Stored entries:
········
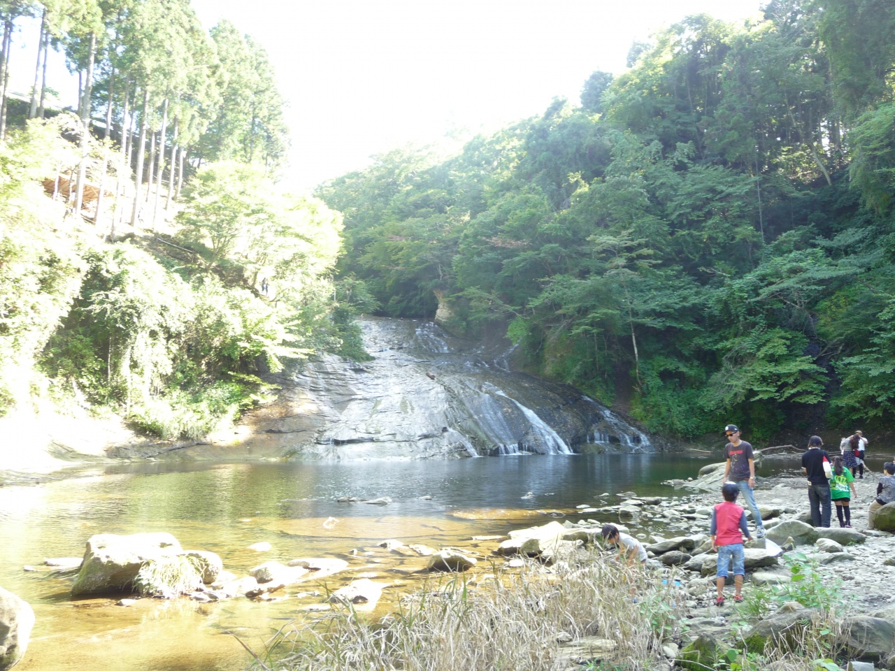 紅葉には早い養老渓谷ですが、澄んだ渓谷の水には小さな魚やエビ、カニが住んでいて子供たちにとっても興味がいっぱいです。また、渓谷のところどころにある滝は水量によって白さや勢いはかわるものの、遊歩道を歩いて滝めぐりするのもなかなか楽しいです。
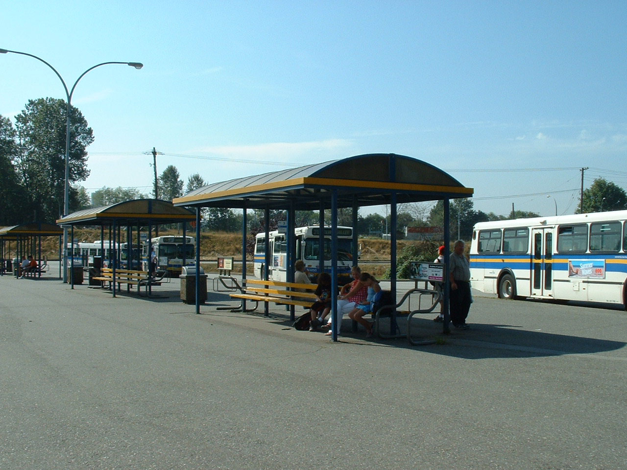 Several D40HFs at Phibbs Exchange plus a New Flyer D40LF at the rear. Phibbs Exchange is on the north shore of Vancouver Harbour, near the Ironworkers Memorial Bridge crossing. The exchange is in a relatively remote location and is empty more than busy, but services are timed to coincide affording connections across the north shore as well as across the bridge to the city.
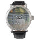 Uhr, Vintage Männeruhr mit schwarzem Lederarmband
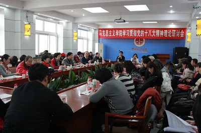 院长马抗美作总结发言。她指出,大家从理论研究者的视角,紧密结合党的十八大精神和各自研究领域,谈得很深入,擦出很多思想火花,深受启发。党的十八大报告是一个全面的治国、治党的纲领性文件,学习贯彻党的十八大精神是一项长期任务,也将贯穿于今后几年的工作。希望老师们在宣传过程中牢记自己的独特使命,把党的十八大精神贯彻到课堂教学、科研、工作各个方面,充分发挥集体智慧,形成教学科研的一股新力量,推动马院各项工作再上新台阶。
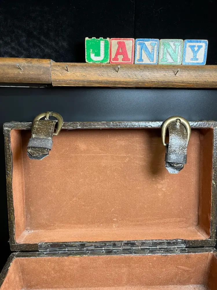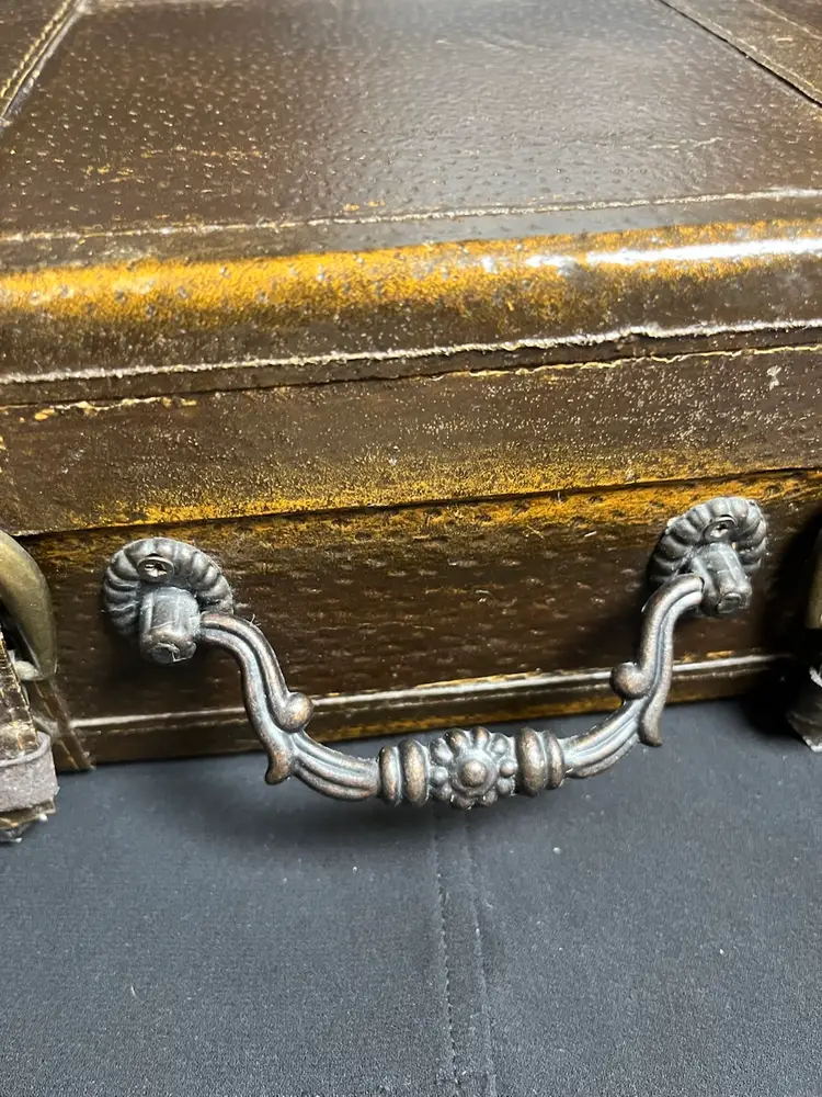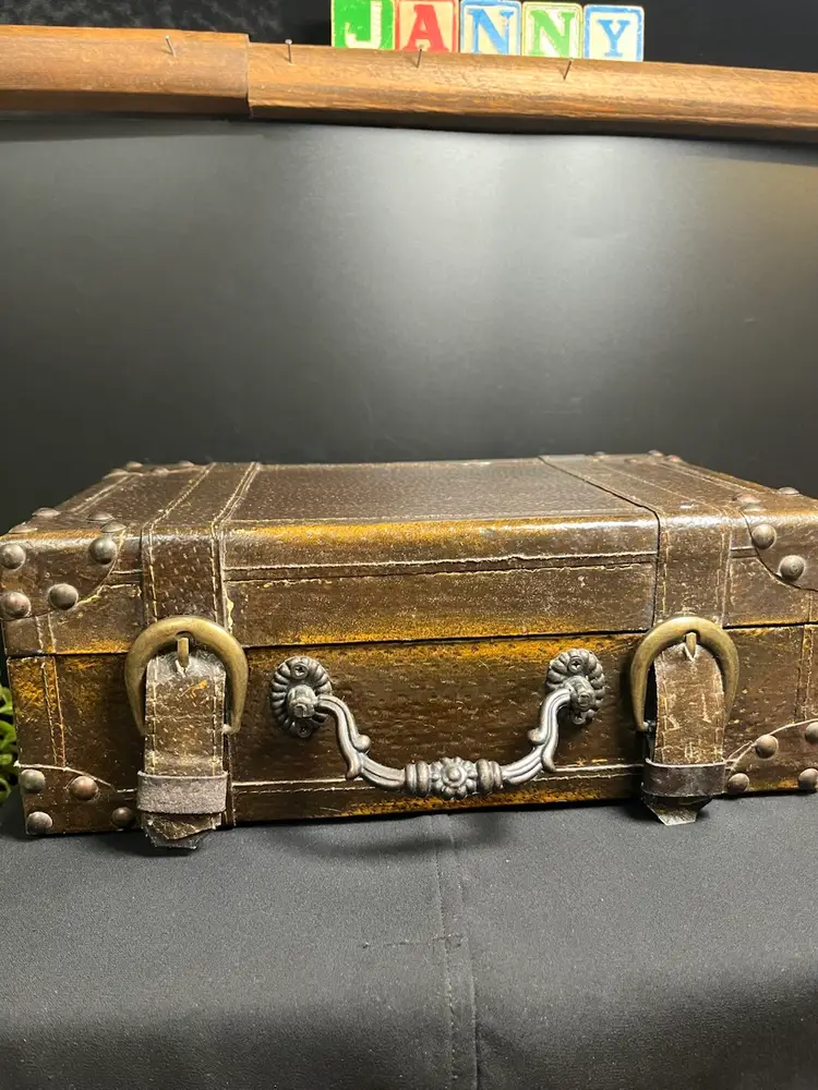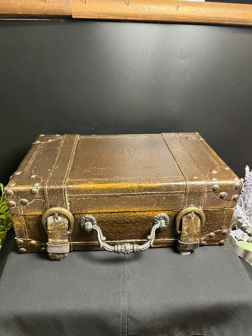 This is just simply primitively precious...Oh the ways you could decorate with this. It is in good vintage condition. Magnetic closures. Really no call outs. Velvet like material could use a vacuum. Measures approx 4.25"H, 11"W, 7" Deep. Approx 2 Lbs pre shipping wt. Has a partially torn off sticker, appears to have been manufactured in China.
········
Restating the data word for word is the task, and pictures are to be omitted.

■ Answer to this task ■
 紅葉には早い養老渓谷ですが、澄んだ渓谷の水には小さな魚やエビ、カニが住んでいて子供たちにとっても興味がいっぱいです。また、渓谷のところどころにある滝は水量によって白さや勢いはかわるものの、遊歩道を歩いて滝めぐりするのもなかなか楽しいです。
 Several D40HFs at Phibbs Exchange plus a New Flyer D40LF at the rear. Phibbs Exchange is on the north shore of Vancouver Harbour, near the Ironworkers Memorial Bridge crossing. The exchange is in a relatively remote location and is empty more than busy, but services are timed to coincide affording connections across the north shore as well as across the bridge to the city.
 Uhr, Vintage Männeruhr mit schwarzem Lederarmband
 院长马抗美作总结发言。她指出,大家从理论研究者的视角,紧密结合党的十八大精神和各自研究领域,谈得很深入,擦出很多思想火花,深受启发。党的十八大报告是一个全面的治国、治党的纲领性文件,学习贯彻党的十八大精神是一项长期任务,也将贯穿于今后几年的工作。希望老师们在宣传过程中牢记自己的独特使命,把党的十八大精神贯彻到课堂教学、科研、工作各个方面,充分发挥集体智慧,形成教学科研的一股新力量,推动马院各项工作再上新台阶。
 This is just simply primitively precious...Oh the ways you could decorate with this. It is in good vintage condition. Magnetic closures. Really no call outs. Velvet like material could use a vacuum. Measures approx 4.25"H, 11"W, 7" Deep. Approx 2 Lbs pre shipping wt. Has a partially torn off sticker, appears to have been manufactured in China.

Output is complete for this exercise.